The storage layer of CockroachDB's architecture reads and writes data to disk.
If you haven't already, we recommend reading the Architecture Overview.
Each CockroachDB node contains at least one
store, specified when the node starts, which is where the
cockroach process reads and writes its data on disk.
This data is stored as key-value pairs on disk using RocksDB, which is treated primarily as a black-box API. Internally, each store contains three instances of RocksDB:
- One for the Raft log
- One for storing temporary distributed SQL data
- One for all other data on the node
In addition, there is also a block cache shared amongst all of the stores in a node. These stores in turn have a collection of range replicas. More than one replica for a range will never be placed on the same store or even the same node.
Interactions with other layers
In relationship to other layers in CockroachDB, the storage layer:
- Serves successful reads and writes from the replication layer.
CockroachDB uses RocksDB––an embedded key-value store––to read and write data to disk. You can find more information about it on the RocksDB Basics GitHub page.

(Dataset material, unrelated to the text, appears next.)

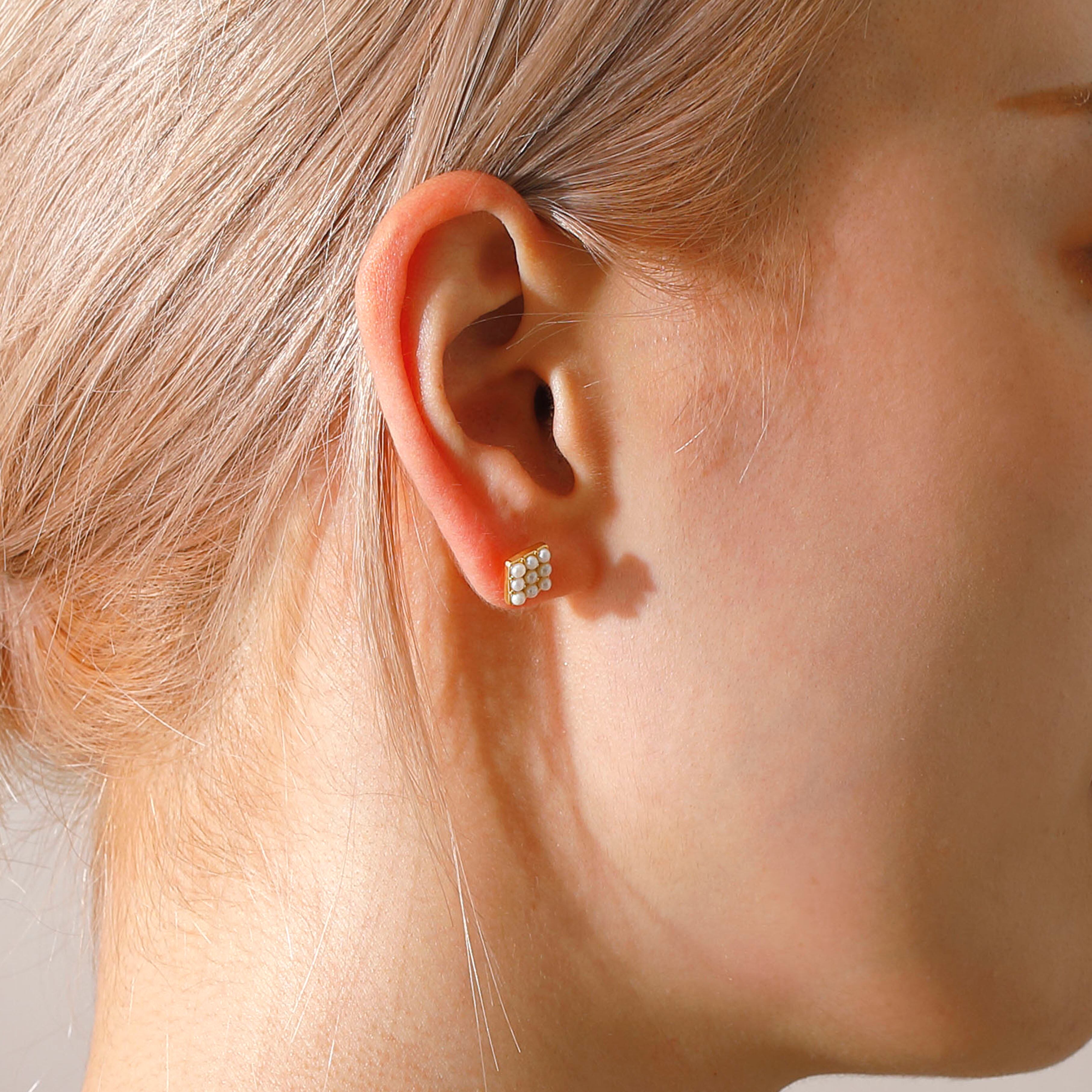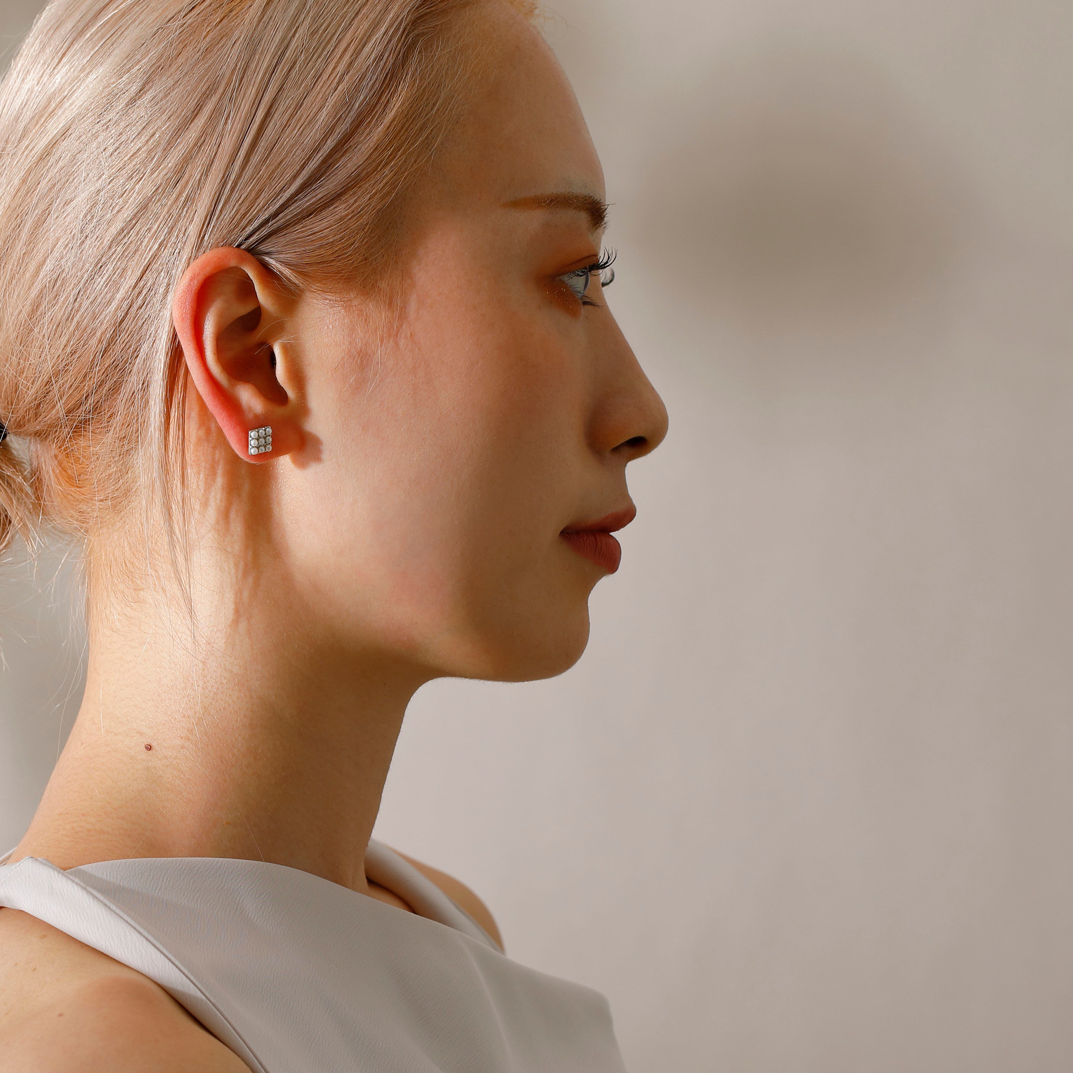 四角いフレームに9つのパールが行儀よくならんだデザインのピアスです。

RocksDB integrates really well with CockroachDB for a number of reasons:
- Key-value store, which makes mapping to our key-value layer simple
- Atomic write batches and snapshots, which give us a subset of transactions
Efficient storage for the keys is guaranteed by the underlying RocksDB engine by means of prefix compression.
CockroachDB relies heavily on multi-version concurrency control (MVCC) to process concurrent requests and guarantee consistency. Much of this work is done by using hybrid logical clock (HLC) timestamps to differentiate between versions of data, track commit timestamps, and identify a value's garbage collection expiration. All of this MVCC data is then stored in RocksDB.
Despite being implemented in the storage layer, MVCC values are widely used to enforce consistency in the transaction layer. For example, CockroachDB maintains a timestamp cache, which stores the timestamp of the last time that the key was read. If a write operation occurs at a lower timestamp than the largest value in the read timestamp cache, it signifies there’s a potential anomaly and the transaction must be restarted at a later timestamp.
As described in the SQL:2011 standard, CockroachDB supports time travel queries (enabled by MVCC).
To do this, all of the schema information also has an MVCC-like model behind it. This lets you perform
SELECT...AS OF SYSTEM TIME, and CockroachDB uses the schema information as of that time to formulate the queries.
Using these tools, you can get consistent data from your database as far back as your garbage collection period.
CockroachDB regularly garbage collects MVCC values to reduce the size of data stored on disk. To do this, we compact old MVCC values when there is a newer MVCC value with a timestamp that's older than the garbage collection period. By default, the garbage collection period is 24 hours, but it can be set at the cluster, database, or table level through replication zones.
Interactions with other layers
Storage and replication layers
The storage layer commits writes from the Raft log to disk, as well as returns requested data (i.e., reads) to the replication layer.